Population (2025-12-31)
- • Total: 21,121
- • Density: 291.6/km^{2} (755.3/sq mi)
- Time zone: UTC+01:00 (CET)
- • Summer (DST): UTC+02:00 (CEST)
- Postal codes: 46509
- Dialling codes: 02801 and 02804 (Marienbaum)
- Vehicle registration: WES
- Website: www.xanten.de

= Xanten =

Place in North Rhine-Westphalia, Germany

Xanten (/de/, Low Rhenish: Santen) is a town in the state of North Rhine-Westphalia, Germany. It is located in the district of Wesel.

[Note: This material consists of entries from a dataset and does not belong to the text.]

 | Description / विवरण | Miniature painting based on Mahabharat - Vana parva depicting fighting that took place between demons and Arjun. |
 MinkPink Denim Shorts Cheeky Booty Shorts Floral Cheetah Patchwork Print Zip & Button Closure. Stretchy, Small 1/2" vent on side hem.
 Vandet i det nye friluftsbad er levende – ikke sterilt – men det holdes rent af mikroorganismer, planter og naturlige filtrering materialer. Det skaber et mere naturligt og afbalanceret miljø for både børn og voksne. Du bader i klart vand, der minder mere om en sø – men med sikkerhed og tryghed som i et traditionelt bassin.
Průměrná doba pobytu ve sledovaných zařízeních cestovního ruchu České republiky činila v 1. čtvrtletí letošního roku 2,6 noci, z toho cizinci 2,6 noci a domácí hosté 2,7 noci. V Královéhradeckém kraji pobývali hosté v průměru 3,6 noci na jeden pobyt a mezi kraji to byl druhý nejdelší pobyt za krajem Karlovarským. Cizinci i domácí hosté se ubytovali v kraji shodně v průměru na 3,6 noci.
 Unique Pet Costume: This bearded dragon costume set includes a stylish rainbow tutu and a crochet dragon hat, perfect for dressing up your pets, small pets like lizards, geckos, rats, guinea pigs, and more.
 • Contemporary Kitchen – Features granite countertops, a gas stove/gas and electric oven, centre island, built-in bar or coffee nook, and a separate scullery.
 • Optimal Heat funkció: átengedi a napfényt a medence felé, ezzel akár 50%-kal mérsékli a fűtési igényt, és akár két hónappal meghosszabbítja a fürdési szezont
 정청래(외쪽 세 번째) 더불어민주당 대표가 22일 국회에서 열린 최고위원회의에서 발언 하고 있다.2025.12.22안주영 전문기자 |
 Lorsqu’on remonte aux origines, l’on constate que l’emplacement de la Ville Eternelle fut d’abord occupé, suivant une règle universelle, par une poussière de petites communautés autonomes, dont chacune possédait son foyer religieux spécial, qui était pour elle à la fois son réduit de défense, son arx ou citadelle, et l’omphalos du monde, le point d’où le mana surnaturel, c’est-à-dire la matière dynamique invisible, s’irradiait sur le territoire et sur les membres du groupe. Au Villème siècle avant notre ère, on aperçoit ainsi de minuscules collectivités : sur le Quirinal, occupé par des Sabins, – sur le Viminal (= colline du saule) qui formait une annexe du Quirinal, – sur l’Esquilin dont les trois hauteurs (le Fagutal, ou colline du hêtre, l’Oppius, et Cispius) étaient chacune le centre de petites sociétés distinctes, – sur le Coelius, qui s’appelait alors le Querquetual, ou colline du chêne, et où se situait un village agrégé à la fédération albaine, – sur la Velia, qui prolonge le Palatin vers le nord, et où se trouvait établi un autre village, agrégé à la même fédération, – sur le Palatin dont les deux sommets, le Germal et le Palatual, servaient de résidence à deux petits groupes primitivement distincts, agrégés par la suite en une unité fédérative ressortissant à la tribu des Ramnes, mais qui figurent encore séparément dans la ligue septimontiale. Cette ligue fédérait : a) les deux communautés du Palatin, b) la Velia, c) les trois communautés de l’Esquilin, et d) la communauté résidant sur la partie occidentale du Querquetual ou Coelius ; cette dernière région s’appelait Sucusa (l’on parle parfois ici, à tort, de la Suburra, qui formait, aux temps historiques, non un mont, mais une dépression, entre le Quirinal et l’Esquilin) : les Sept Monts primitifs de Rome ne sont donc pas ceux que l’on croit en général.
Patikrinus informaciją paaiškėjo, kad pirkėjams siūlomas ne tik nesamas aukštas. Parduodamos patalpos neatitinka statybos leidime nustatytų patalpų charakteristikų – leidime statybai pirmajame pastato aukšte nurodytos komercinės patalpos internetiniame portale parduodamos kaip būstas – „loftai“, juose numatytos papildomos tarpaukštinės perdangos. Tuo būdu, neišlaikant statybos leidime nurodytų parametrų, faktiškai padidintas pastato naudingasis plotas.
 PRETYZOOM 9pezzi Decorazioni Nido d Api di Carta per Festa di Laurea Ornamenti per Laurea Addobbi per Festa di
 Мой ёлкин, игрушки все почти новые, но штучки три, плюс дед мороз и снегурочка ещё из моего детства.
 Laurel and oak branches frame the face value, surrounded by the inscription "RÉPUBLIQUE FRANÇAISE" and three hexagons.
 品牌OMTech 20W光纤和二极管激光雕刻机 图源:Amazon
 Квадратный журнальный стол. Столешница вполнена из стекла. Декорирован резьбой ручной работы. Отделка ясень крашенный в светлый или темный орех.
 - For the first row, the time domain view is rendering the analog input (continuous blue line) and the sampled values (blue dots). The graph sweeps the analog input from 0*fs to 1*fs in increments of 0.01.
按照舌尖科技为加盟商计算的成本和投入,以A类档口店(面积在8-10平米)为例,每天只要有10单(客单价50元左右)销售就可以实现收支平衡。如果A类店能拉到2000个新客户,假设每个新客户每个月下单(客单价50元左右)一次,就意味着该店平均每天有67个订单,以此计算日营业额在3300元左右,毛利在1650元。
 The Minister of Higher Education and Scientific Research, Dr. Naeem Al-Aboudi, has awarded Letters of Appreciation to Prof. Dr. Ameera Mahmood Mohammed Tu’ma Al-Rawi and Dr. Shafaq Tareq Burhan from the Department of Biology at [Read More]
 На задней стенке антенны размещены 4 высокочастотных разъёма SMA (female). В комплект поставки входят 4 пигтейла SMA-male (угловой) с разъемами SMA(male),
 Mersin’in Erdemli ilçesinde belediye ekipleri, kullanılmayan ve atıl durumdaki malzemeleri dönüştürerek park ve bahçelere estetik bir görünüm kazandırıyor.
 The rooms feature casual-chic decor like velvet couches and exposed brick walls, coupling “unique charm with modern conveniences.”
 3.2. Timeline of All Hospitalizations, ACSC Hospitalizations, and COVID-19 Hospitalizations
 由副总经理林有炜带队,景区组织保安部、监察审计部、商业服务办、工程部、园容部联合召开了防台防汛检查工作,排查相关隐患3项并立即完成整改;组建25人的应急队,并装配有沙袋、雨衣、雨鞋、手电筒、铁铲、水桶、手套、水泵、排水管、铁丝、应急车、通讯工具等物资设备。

Xanten is known for the Archaeological Park, one of the largest archaeological open air museums in the world, built at the site of the Roman settlements Colonia Ulpia Traiana. Other attractions include the medieval town centre with Xanten Cathedral, many museums and large man-made lakes for various watersport activities. Xanten is visited by approximately one million tourists a year. It is also the only German town with a name that begins with X.

==Geography==
Xanten is made up of three boroughs (Ortsteile): Hochbruch, Niederbruch, and the town centre. Other localities (Bezirke) belonging to the town of Xanten include Birten, Lüttingen, Marienbaum, Vynen, Obermörmter, Wardt, Mörmter, Willich, Beek and Ursel. Parts of a nature reserve called Bislicher Insel are located in the municipality as well.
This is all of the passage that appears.